3. Breastfeeding Promotes Your Health.

Breastfeeding isn't just good for your baby — it also benefits your health. Breastfeeding helps to ease postpartum bleeding and shrink the uterus back to pre-pregnancy size. It can also reduce your risk of:

  • Breast and ovarian cancer
  • Type 2 diabetes
  • High blood pressure

What’s more, many women say breastfeeding has helped them get back to their pre-pregnancy weight more quickly. "Breastfeeding burns 500 extra calories a day," explains Frees. "During pregnancy, moms gain weight to support their babies. That's what the body is burning when lactating."

4. Breastfeeding Saves You Money.

From nursery decor to adorable clothes to engaging toys, there's no denying that you spend a decent amount of money on a new baby. Add formula into the mix — which can cost up to $1,500 a year — and it can be easy to feel the financial strain.

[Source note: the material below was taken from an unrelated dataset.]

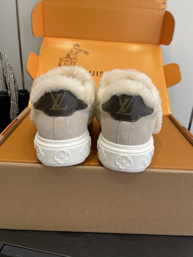 Louis Vuitton 路易威登 秋冬新品 休闲板鞋 小白鞋 毛里 DDD 本款Time Out运动鞋拼接牛皮革与 Monogram 丹宁布 与当季皮具系列遥相呼应 丹宁布行李牌通过皮革饰带固定于鞋面 彰显路易威登的旅行传承 耀目铭纹孔眼与鞋舌处品牌标识压纹增添考究细节 DDD 鞋面原版牛反绒 羊毛 DDD 内里羊毛 DDD 原版开模大底 DDD 码数:35-40 40定做 DDD

Breastfeeding can help reduce your spending because your body produces everything your baby needs to stay healthy. "Many women get pillows, bras, and pumps, but breastfeeding has been successful since the dawn of time — even without all the bells and whistles," says Frees.

Additionally, the Special Supplemental Nutrition Program for Women, Infants, and Children (WIC) — a government program designed to safeguard the health of low-income women, infants, and children by providing nutritious foods, information on healthy eating, and referrals to healthcare — offers special benefits to breastfeeding moms. For instance, moms who breastfeed are able to participate in WIC longer than those who don’t and are allotted more food for themselves. 

And if you're wondering about that expensive breast pump, don’t worry. You can get a free breast pump (either a rental unit or new) through your health insurance.

5. Breastfeeding helps you bond with your baby.

As a new parent, there’s a lot on your plate. Amidst the doctor’s appointments, playdates and photoshoots, breastfeeding can be a great opportunity to have some one-on-one time to bond with your baby.

"Bonding is built into breastfeeding," says Frees. "Developmentally, babies are meant to be held."

When you breastfeed, you’re holding your baby and using skin-to-skin contact to promote bonding. In fact, women who breastfeed longer have been shown to exhibit more maternal sensitivity, including factors like your emotional tone and ability to read your baby's cues, both during and beyond breastfeeding years.


Making Breastfeeding Easier — and More Comfortable — for You and Your Baby

Despite the benefits of breastfeeding, there are plenty of reasons moms might choose not to breastfeed until the recommended age of one. According to Frees, these can range from sore nipples to low milk supply to simply getting frustrated with the process.

If you're facing any of these problems, you're not alone. Not only do many other women struggle with the same concerns, but this is also what lactation consultants are trained to address.

In many cases, there's a problem that you might not even be aware of, such as a tongue tie (when the bottom of a baby’s tongue's tip is attached to the floor of the mouth) or hormonal issues. These are just a few of the roadblocks lactation consultants can help you address.

“If no one gets to the root of the problem, then it's still a problem,” explains Frees.

Some mothers also get frustrated with the time commitment of breastfeeding, particularly because no one else can do it for them. However, there are plenty of ways that people in your life can help, such as bathe, burp, or walk the baby — all you need to do is ask.

Frees also emphasizes that breastfeeding can seem tough at first because babies are building their milk supply, and they’re nursing very frequently. Not only does this need to breastfeed so often subside after about two weeks, but you’ll also get used to the process over time.

In many ways, breastfeeding seems almost magical — your body produces the exact food your baby needs, when they need it. But it can also be challenging. By keeping in mind the benefits for both you and your baby, remaining patient, and asking for help when you need it, you can ensure your baby receives the best possible nutrition for their growth and development.